In the records below, repeat word for word only the lines starting at the one that contains "最后,精彩激烈的跑道赛开始了" and ending at the one that contains "12月5日中午,青年志愿者大", pictures excluded.
↓
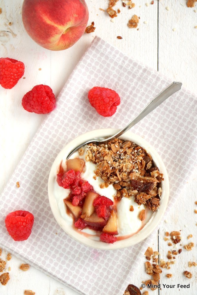 Hmmm, zou dit nou een ontbijtje zijn, of een toetje? Eigenlijk kan het gewoon allebei vind ik... Want om met deze gekarameliseerde perzik met yoghurt en granola de dag te starten, dat zie ik wel zitten hoor! Sowieso, de dag beginnen met vers zomerfruit, daar zul je mij niet over horen klagen. En nu we hier vakantie hebben, kan ik in de ochtend weer wat meer tijd besteden aan mijn ontbijt. Niet dat het heel lang duurt om dit schaaltje met geluk in elkaar te zetten, maar op een doordeweekse dag gun ik mezelf de tijd toch ook niet voor het klaarmaken van een verwenontbijtje. Lang leve de vakantie!
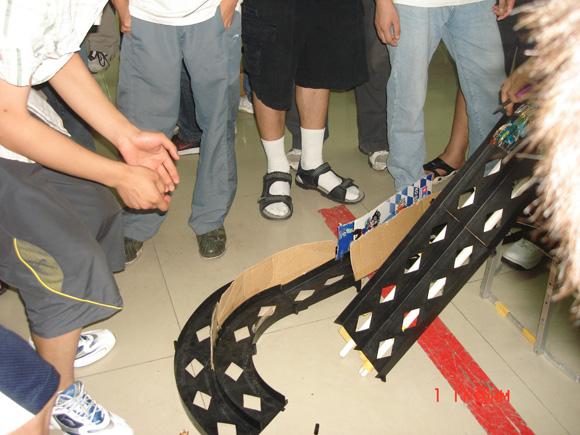 最后,精彩激烈的跑道赛开始了。跑道赛定为10圈,中间允许更换电池,但计时间。若速度太快冲出跑道,时间暂停,都由此带来的时间误差及车子损坏由参赛选手自负。比赛中,只见每辆四驱车在跑道中疾驰,不禁让人担心车子会飞出跑道。果然,当跑到最后几圈时,有的车子就一下冲出跑道,或者因速度太快造成马达受损和轮胎脱落。如此看来,还真有点F1的味道。但选手们毫不气馁,迅速作出调整来完成剩余比赛。
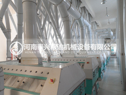 面粉機組清理流程采用——四篩兩打,兩去石,一次精選,三次磁選,兩次著水的完善工藝。面粉設備制粉流程采用強調分級的中長粉路出粉法,主要工藝為4-5皮,6-8心,1-2渣,1-2尾,3-6清粉,3-4打麩。
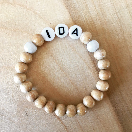 Personalisiertes Baby & Kinderarmband aus Holzperlen
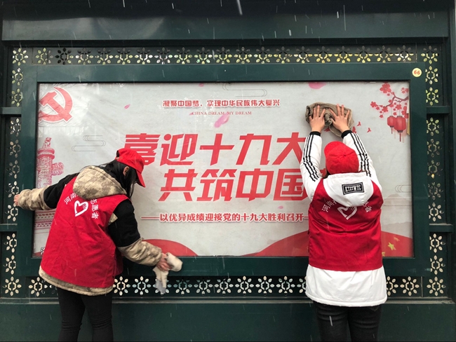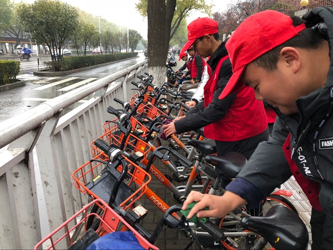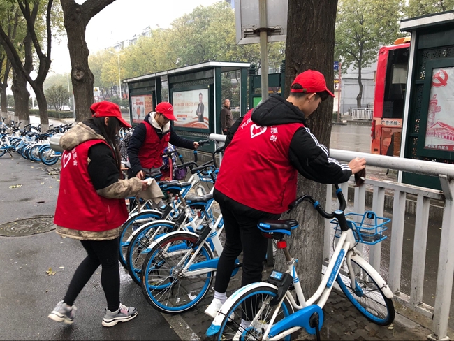 12月5日中午,青年志愿者大队的同学们牺牲午休时间,打扫学院周边的公交站牌、院广场、教学楼教室及楼道卫生,整理中州路两侧的共享单车。
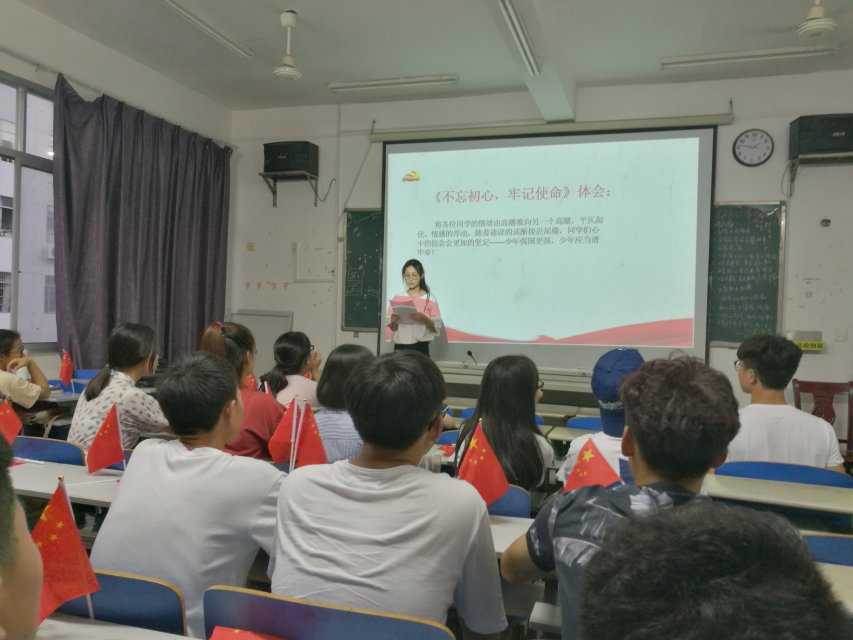 本网讯 (通讯员 王凯) 5月24日晚7点10分,由土木与环境工程学院17级分团委组织部举办的“不忘初心,牢记使命”主题团日活动如期开始。同学们积极参与相关活动,争相展现自己领会学习十九大的成果,一展土环学子风貌。 通过各个创新的比赛环节和发言形式,同学们再次深刻学习了党的十九大精神,对十九大的认知提升到了全新的高度。 活动环节中采用了“见字如面”,“集体大合唱”“视频宣传”等活动形式。党歌作为党的文化传播的一类载体,以通俗的方式传颂党的丰功伟绩和精神思想,同学们对党歌的熟知极大程度上显现了同学们对于十九大文化的热爱,既是同学们党的十九大精神学习的体现,又表现了土环学子深厚的文化底蕴和综合素质。 值得一提的是,在“朗诵”环节,主持人邀请班级代表上台朗诵关于活动主题“不忘初心,牢记使命”文章。在一言一语之间,台上的同学们用语言描绘自己对十九大的认知和感悟。所有感想,所有体会,都在此刻凝聚。不同之前环节氛围的激昂热烈,此刻场内的氛围前所未有的沉静,同学们静心思索,对十九大的理想认识到达了前所未有的高度。 活动旨在继续深入学习贯彻十九大的精神思想。各班团支书进行十九大宣讲,向全体学生传达阶段学习成果,收获了同学们热烈的掌声和赞扬。 在同学们洋溢的热情中,本次“不忘初心,牢记使命”主题团日活动圆满落幕。同学们挥舞五星红旗,高唱团歌的精神面貌印在了每个人心中。通过本次活动,同学们获益匪浅,对十九大的精神有了全新的认知和理解。
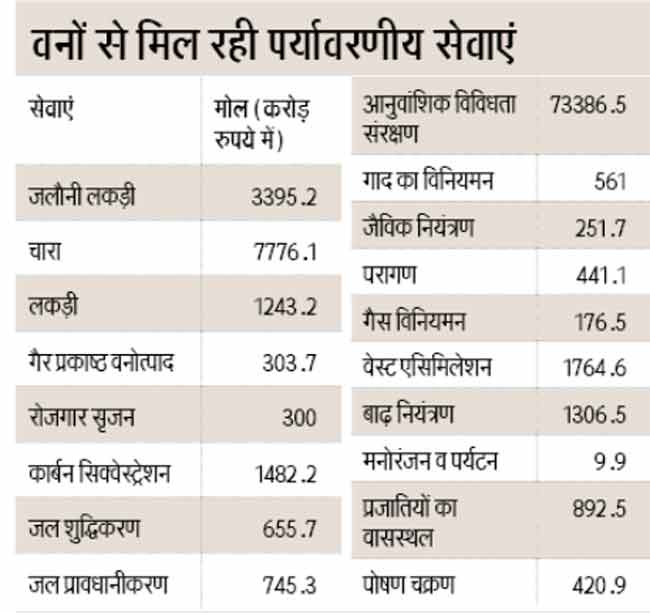 नियोजन विभाग की ओर से हाल में राज्य के वनों से मिलने वाली पर्यावरणीय सेवाओं का आकलन कराया गया। इसमें जलौनी लकड़ी, चारा, गैर प्रकाष्ठ वनोत्पाद, रोजगार सृजन, आनुवांशिक विविधता संरक्षण समेत 18 बिंदुओं को शामिल किया गया।
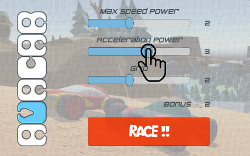 At the beginning of each race you’ll be able to calibrate three key parameters that will determine your car behavior: Max speed, Acceleration and Grip. Enjooy in finding the best compromise
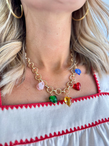 Add a pop of playful charm to your everyday look with the Candy Heart Charm Necklace! This gold-toned beauty features a unique chain design and dai...
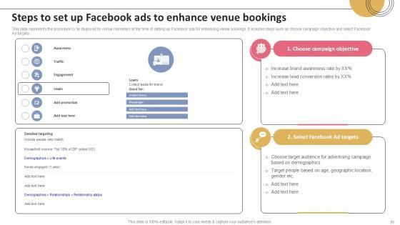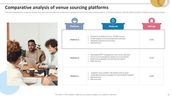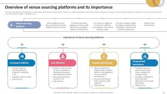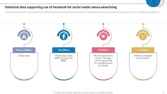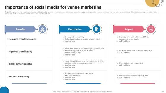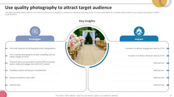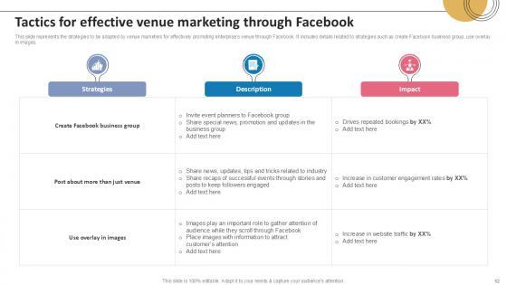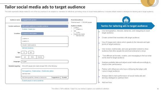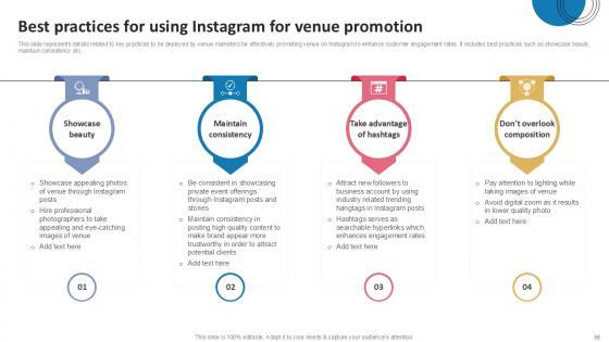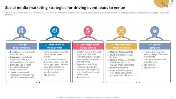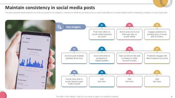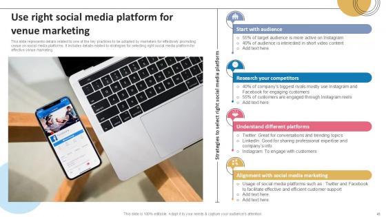 This slide represents details related to one of the key practices to be adopted by marketers for effectively promoting venue on social media platforms. It includes details related to strategies for selecting right social media platform for effective venue marketing. Get a simple yet stunning designed Online Venue Advertising Plan Use Right Social Media Platform For Venue Marketing Strategy SS V. It is the best one to establish the tone in your meetings. It is an excellent way to make your presentations highly effective. So, download this PPT today from Slidegeeks and see the positive impacts. Our easy-to-edit Online Venue Advertising Plan Use Right Social Media Platform For Venue Marketing Strategy SS V can be your go-to option for all upcoming conferences and meetings. So, what are you waiting for Grab this template today. This slide represents details related to one of the key practices to be adopted by marketers for effectively promoting venue on social media platforms. It includes details related to strategies for selecting right social media platform for effective venue marketing.
↑
* Answer to this problem
 最后,精彩激烈的跑道赛开始了。跑道赛定为10圈,中间允许更换电池,但计时间。若速度太快冲出跑道,时间暂停,都由此带来的时间误差及车子损坏由参赛选手自负。比赛中,只见每辆四驱车在跑道中疾驰,不禁让人担心车子会飞出跑道。果然,当跑到最后几圈时,有的车子就一下冲出跑道,或者因速度太快造成马达受损和轮胎脱落。如此看来,还真有点F1的味道。但选手们毫不气馁,迅速作出调整来完成剩余比赛。
 面粉機組清理流程采用——四篩兩打,兩去石,一次精選,三次磁選,兩次著水的完善工藝。面粉設備制粉流程采用強調分級的中長粉路出粉法,主要工藝為4-5皮,6-8心,1-2渣,1-2尾,3-6清粉,3-4打麩。
 Personalisiertes Baby & Kinderarmband aus Holzperlen
 12月5日中午,青年志愿者大队的同学们牺牲午休时间,打扫学院周边的公交站牌、院广场、教学楼教室及楼道卫生,整理中州路两侧的共享单车。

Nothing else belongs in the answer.